Available data:
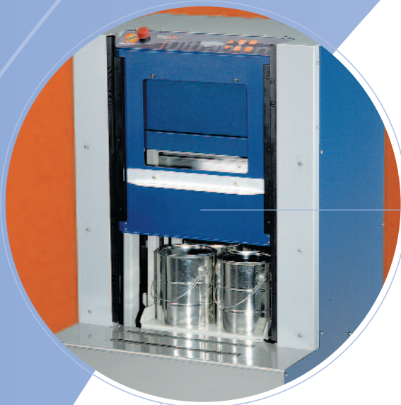
Sturdy sliding door
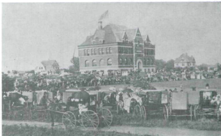
Baseball Days at Buena Vista College—1899
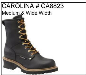
CAROLINA # CA8823
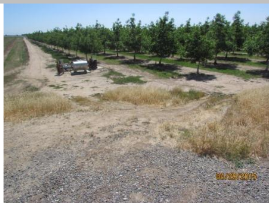
View of the vehicle erosion along the landside slope.
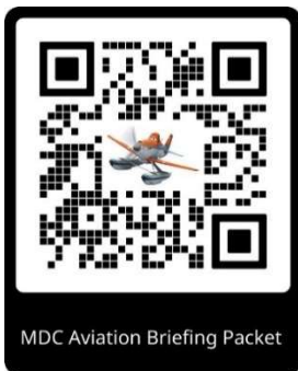
MDC Aviation Briefing Packet
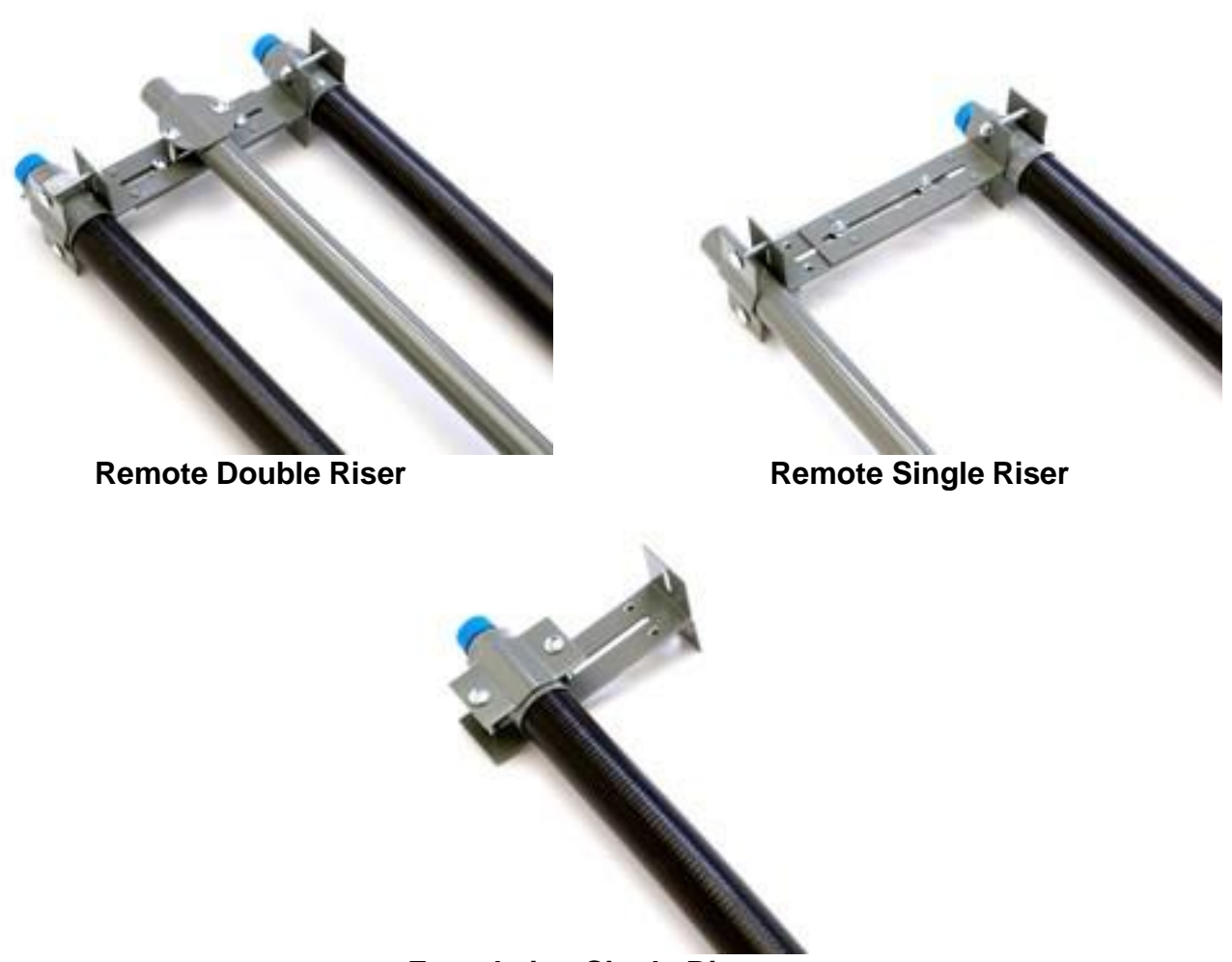
Foundation Single Riser

When a structure is not available or when foundation systems cannot be used, look to ECSI for a variety of remote assemblies that provide safe and secure mounting of gas meters and gas risers.
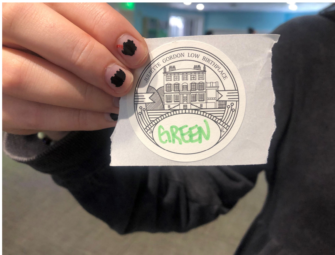
The image shows an example of a troop experience ticket for someone in the Green group.

The colors help museum guides know who is in each group.
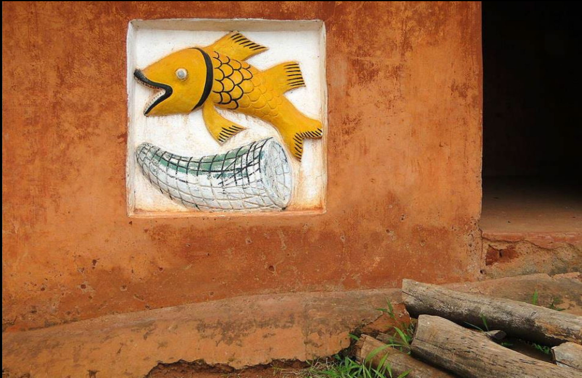
Fish Symbol on Shrine Wall -- Abomey, Benin
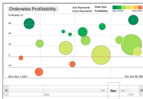
Costing Graphical Displays
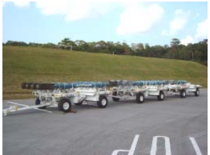
"Assembled MK63 QUICKSTRIKE's ready for the flight line"

Problem details: Return the listing above unchanged, apart from dropping its pictures.

Task result:
Sturdy sliding door
Baseball Days at Buena Vista College—1899
CAROLINA # CA8823
View of the vehicle erosion along the landside slope.
MDC Aviation Briefing Packet
Foundation Single Riser

When a structure is not available or when foundation systems cannot be used, look to ECSI for a variety of remote assemblies that provide safe and secure mounting of gas meters and gas risers.
The image shows an example of a troop experience ticket for someone in the Green group.

The colors help museum guides know who is in each group.
Fish Symbol on Shrine Wall -- Abomey, Benin
Costing Graphical Displays
"Assembled MK63 QUICKSTRIKE's ready for the flight line"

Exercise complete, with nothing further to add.